What paint/finisher should we use to finish it/paint it So they dont get pee in the wood.

And what can i make ladders out of, or should i use bird ladders.

And what should we use to line it, *bedding*


Its gonna be big.

But we just have those questions


----------



## Nienor (May 1, 2010)

Hey there =)

you need to use paint for baby and kid toys normal paint might be poisonous.
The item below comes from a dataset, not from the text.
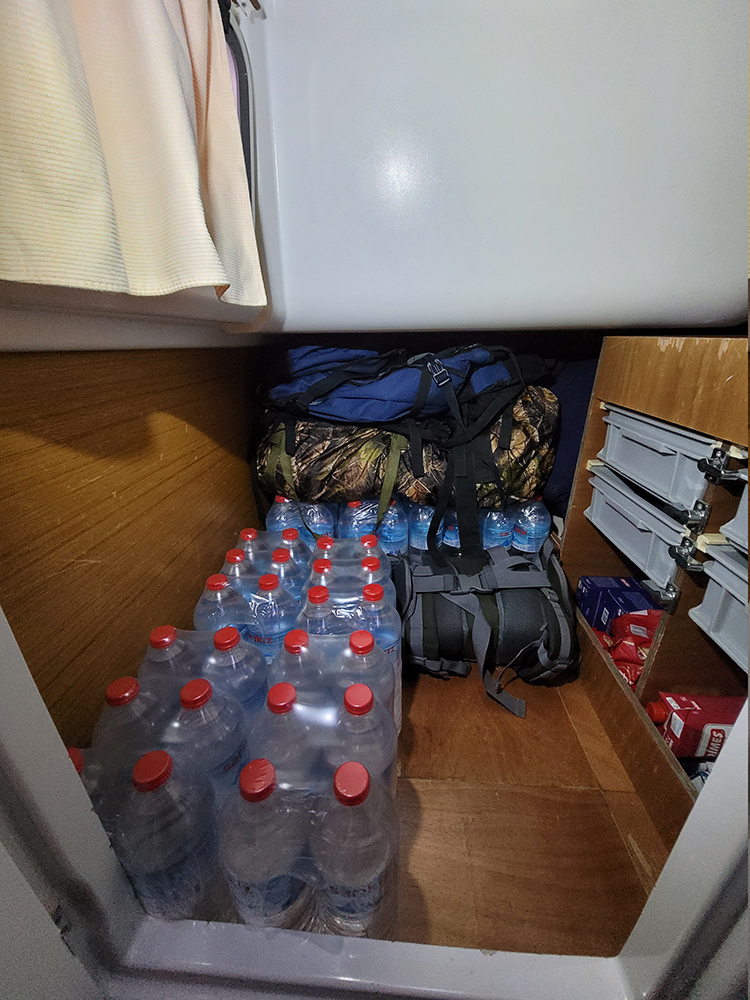 При длинных переходах и постоянной качке люди, оказываются, пьют много воды. За неделю мы вчетвером выпили 10-дневный запас на шестерых, вот это было удивительно. Круизный расход 1.5 литра в день на человека тут не работает, нужно 2.5 литра. При том, что жарко вообще не было, мы шли на север и все время были в куртках и шапках. И купаться хотелось очень не каждый день.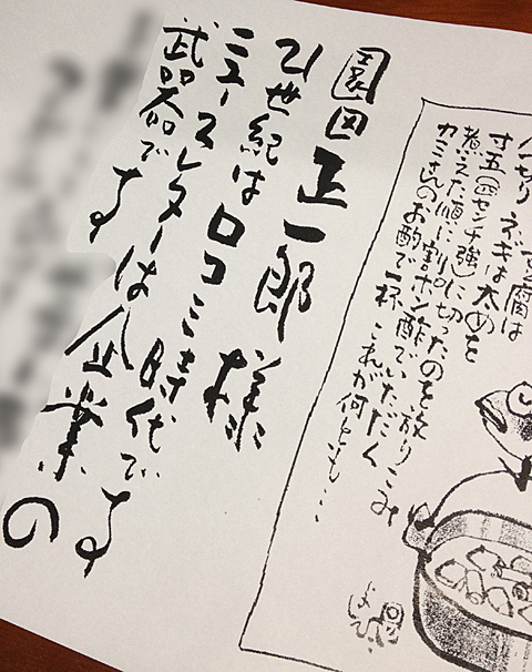 昨日某新年会で、筆師のUさんという方にお会いしました。U氏のことは実はそれまで存じ上げてなかったのですが、U氏の描いた筆文字や絵はよくお見かけしていて、“この絵を描いていたのがUさんだったんだ!”と思った次第です。

Maybe you know the wooden toys that babys my put into their mouths or build towers with .. this kinda stuff : http://ecx.images-amazon.com/images/I/41WhN4xLyTL.jpg you need exactly the paint, they used for them, it can be clear or colourful depends just on you 

You could make ladders/stairs simply by using bricks. All you need is some nail. And you have to paint them of cours.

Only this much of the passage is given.